PAGO PAGO, American Samoa (August 12, 2000 – PIDP/CPIS)---The American Samoa government and petroleum suppliers are exploring the possibility of co-managing the Gataivai Tank Farm.

The Governor's Legal Counsel, Henry Kappel, said a meeting to this effect was held in Honolulu recently. Represented at the meeting were Tesoro South Pacific, Mobil Oil and BP Southwest, while the government was represented by Kappel and Jack Kachmarich of the Territorial Office of Financial Reforms.

Kappel said the purpose of the meeting was two fold: to work out a tank farm operating agreement and to begin discussion on a possible Mobil Oil and BP joint venture in co-managing the government tank farm when Tesoro pulls out of American Samoa.

Tesoro has been in the territory for close to 20-years (starting as PRI), but the company announced last year that it would end its role as petroleum supplier for the local market, citing competition with suppliers who import fuel from Australia and Singapore.

Tesoro, the parent company of Tesoro Hawai‘i, which is owned by Texas-based Tesoro Petroleum Corp., remained the tank farm operator. But Nathan Hokama of Tesoro Hawai‘i said the company will leave the territory after its contract expires at the end of the year.

The actual date of departure is not yet firm. The company said it will offer its current employees a severance package and provide for a smooth transition.
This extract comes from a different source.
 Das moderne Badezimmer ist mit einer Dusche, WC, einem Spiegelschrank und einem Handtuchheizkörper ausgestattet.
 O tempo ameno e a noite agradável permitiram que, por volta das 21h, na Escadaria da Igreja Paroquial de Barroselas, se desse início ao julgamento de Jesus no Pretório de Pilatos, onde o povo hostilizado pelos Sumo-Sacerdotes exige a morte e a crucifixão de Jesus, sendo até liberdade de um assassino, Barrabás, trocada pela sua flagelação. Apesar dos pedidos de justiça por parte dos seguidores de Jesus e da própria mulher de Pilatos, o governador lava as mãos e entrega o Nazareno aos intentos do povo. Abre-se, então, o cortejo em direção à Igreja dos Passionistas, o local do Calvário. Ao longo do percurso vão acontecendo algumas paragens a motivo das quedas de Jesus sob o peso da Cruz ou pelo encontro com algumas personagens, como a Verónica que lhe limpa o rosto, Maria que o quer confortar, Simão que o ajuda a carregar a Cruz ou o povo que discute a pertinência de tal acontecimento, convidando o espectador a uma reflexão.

Mobil Oil, however, has an appeal with the Administrative Law Judge (ALJ) over the earlier awarding of the contract to Tesoro, which is set for a hearing on October 15th.

According to Kappel, Mobil and BP representatives will return to their corporate headquarters and present what was discussed during the meeting, details of which have not been made available.
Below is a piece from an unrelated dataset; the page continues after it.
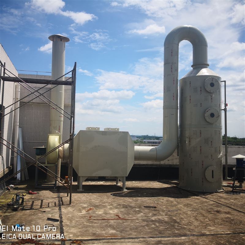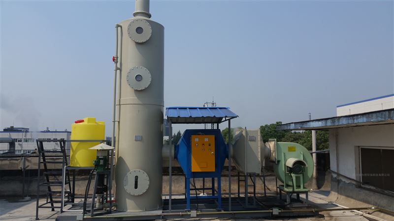 主要对气体具有酸性或者碱性臭气,洗涤液中加入一定比例NACIO、NAOH等氧化剂,利用酸碱平衡原理,将臭气中的有机硫和有机胺等氧化成臭味较轻或溶解度较高的化合物,然后用酸、碱吸收净化。
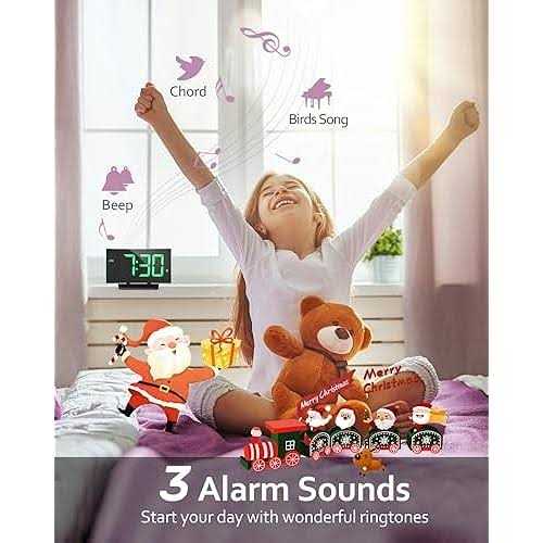 LARGE & CLEAR LED DISPLAY WITH 5 DIMMER +OFF — If you wear glasses, you may want a digital clock with a large display. If you’re light-sensitive, you may look for a bedside clock with a full range of dimming options. This unique alarm clock has it all and meets all your expectations for display. 5 Levels brightness+off allows you to adjust the display from bright to invisible. 3 ALARM TONES AND 2 ALARM VOLUMES – Different people have different needs regarding alarm sound and volume, so controlling the sound and volume is really important. Our digital alarm clock for the bedroom has 2 levels of alarm volume adjustment that can be set from 75-85dB. You don’t need to worry that the alarm sound is too loud and scares you, or too low to wake you from deep sleep. There are 3 fixed ringing music sounds (Birdsongs, Beep, and Chording) that you can choose from. 9 MINUTES‘ SNOOZE TIME — Are you uneasy getting up from your bed? The snooze button at the top of the bedside clock has a raised horizontal line for quick positioning, easy and simple to operate without getting your eyes open when sleepy. For a basic alarm clock for home use, this is enough. Please note: **There is a 6:00 alarm by default when you first power it, if you don’t need it, please switch to the mute key** MEMORY FUNCTION AND 12/24 MODE- For this alarm clock for bedroom, you have the choice between standard time or military time to satisfy your reading time habits. The battery feature works for memorizing the settings in the case of the main power outage. During the battery backup, the screen will go blank and the alarm will not sound, but the clock will display the correct time once power is restored. Please note that this clock is only powered by plugging into the USB port. THE UNIQUE CURVED DESIGN MAKES IT AN IDEAL GIFT–This alarm clock is capable of blending into your interior décor. Designed with versatility in mind, the elegant curve of the clock face, combined with eye-catching green LED numbers, can create a striking appearance that captures the rhythm of time itself. The stylish bedside clock would be an excellent choice as a gift for anyone, and it is suitable for any festival.

However, Kappel, who returned on Monday, said, "The co-management of the Tank Farm is not a question of if, but more of a question as how and in what particular form do we want this to take place."

A positive reaction from both Mobil and BP on a joint management of the Tank Farm, hopefully would lead to the dismissal of the pending litigation with the ALJ, said Kappel.

The benefit of a joint management venture, according to Kappel, is that American Samoa consumers would have a continuous petroleum supply as well as competitive prices.